**Task statement**
Every word in the data below belongs in your copy, exactly as given; the pictures do not.

**Dataset section**

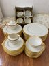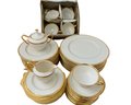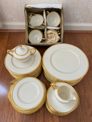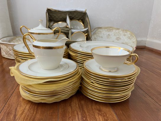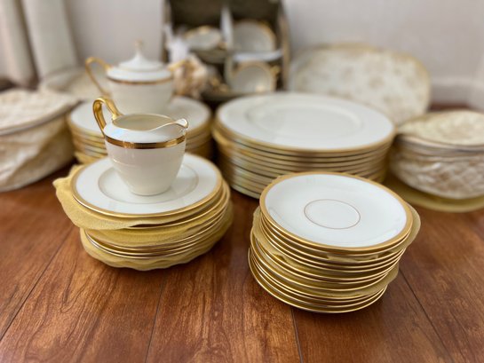 classic Lenox Tuxedo dinnerware set, a timeless collection known for its ivory bone china body accented with polished 24-karat gold rims. Part of Lenox’s Presidential collection, this elegant pattern is celebrated for its minimalist sophistication and formal dining appeal.
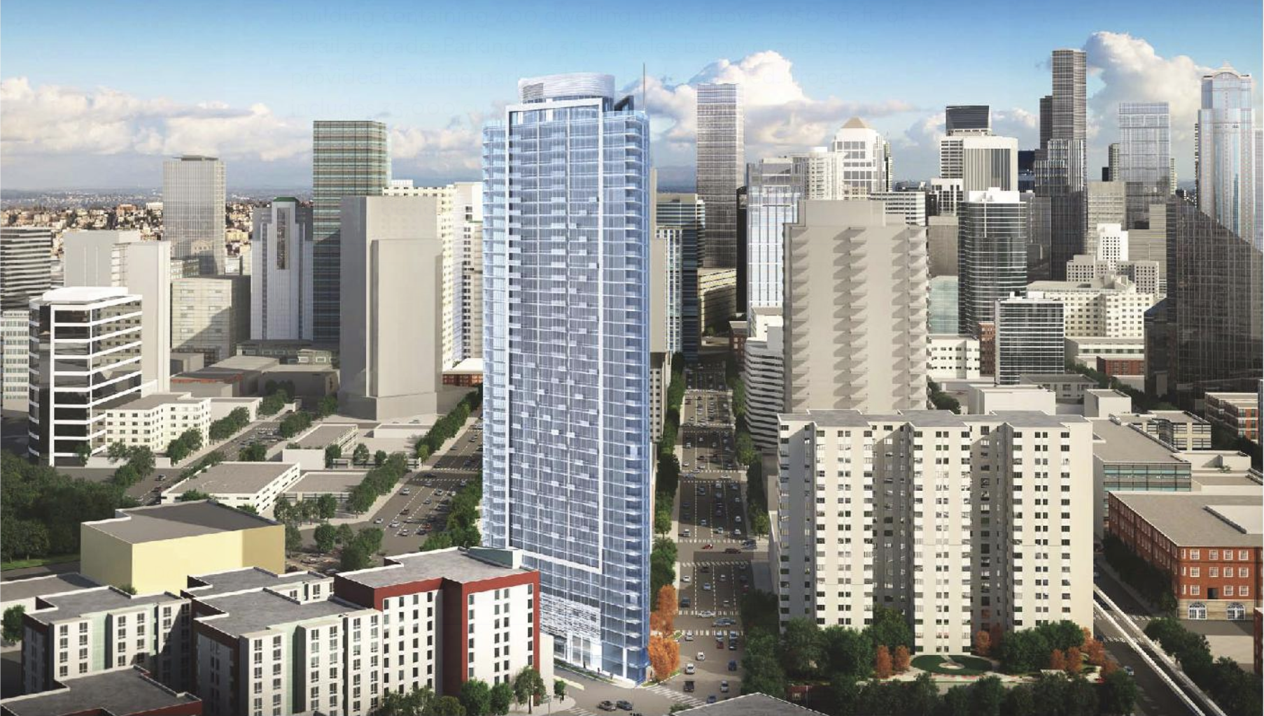 I’m grouping these two projects together, not just because they are a block apart, or because they are both project by Canadian developers, but because they represent a shift in style from what Seattle has seen in the past. Their curvy, undulating facades have a fluidity not common in our city of boxes. They are reminiscent of Aqua, Jean Gangs acclaimed Chicago highrise know for is wavy facade. Since these two projects, others have followed with proposal for building that look shaped by the wind or water. This collection of building also herald a new Denny Way. Along with the project below and several more under construction or proposed, these new buildings will transform Denny Way from the auto-oriented street known for its car wash of just a few years ago to an urban canyon home to thousands of residents.
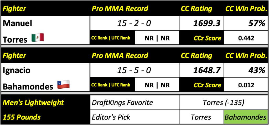 Don’t blink. This is an easy favorite for fight of the night. Both men finish fights early. Torres typically varies his finishes, with seven KOs and submissions apiece. Bahamondes, on the other hand, is a pure striker, utilizing his 6’3″ frame to keep opponents at distance and devastate them with his unique kicks. The theory of the case here is that Bahamondes uses his kicks to keep Torres out of range for a takedown. Torres will either try anyway and get caught, or get picked apart en route to a decision win for Bahamondes.
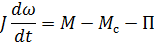 вала двигателя; M - электромагнитный момент двигателя; Mс- момент сопротивления

**Answer to this task**
 classic Lenox Tuxedo dinnerware set, a timeless collection known for its ivory bone china body accented with polished 24-karat gold rims. Part of Lenox’s Presidential collection, this elegant pattern is celebrated for its minimalist sophistication and formal dining appeal.
 I’m grouping these two projects together, not just because they are a block apart, or because they are both project by Canadian developers, but because they represent a shift in style from what Seattle has seen in the past. Their curvy, undulating facades have a fluidity not common in our city of boxes. They are reminiscent of Aqua, Jean Gangs acclaimed Chicago highrise know for is wavy facade. Since these two projects, others have followed with proposal for building that look shaped by the wind or water. This collection of building also herald a new Denny Way. Along with the project below and several more under construction or proposed, these new buildings will transform Denny Way from the auto-oriented street known for its car wash of just a few years ago to an urban canyon home to thousands of residents.
 Don’t blink. This is an easy favorite for fight of the night. Both men finish fights early. Torres typically varies his finishes, with seven KOs and submissions apiece. Bahamondes, on the other hand, is a pure striker, utilizing his 6’3″ frame to keep opponents at distance and devastate them with his unique kicks. The theory of the case here is that Bahamondes uses his kicks to keep Torres out of range for a takedown. Torres will either try anyway and get caught, or get picked apart en route to a decision win for Bahamondes.
 вала двигателя; M - электромагнитный момент двигателя; Mс- момент сопротивления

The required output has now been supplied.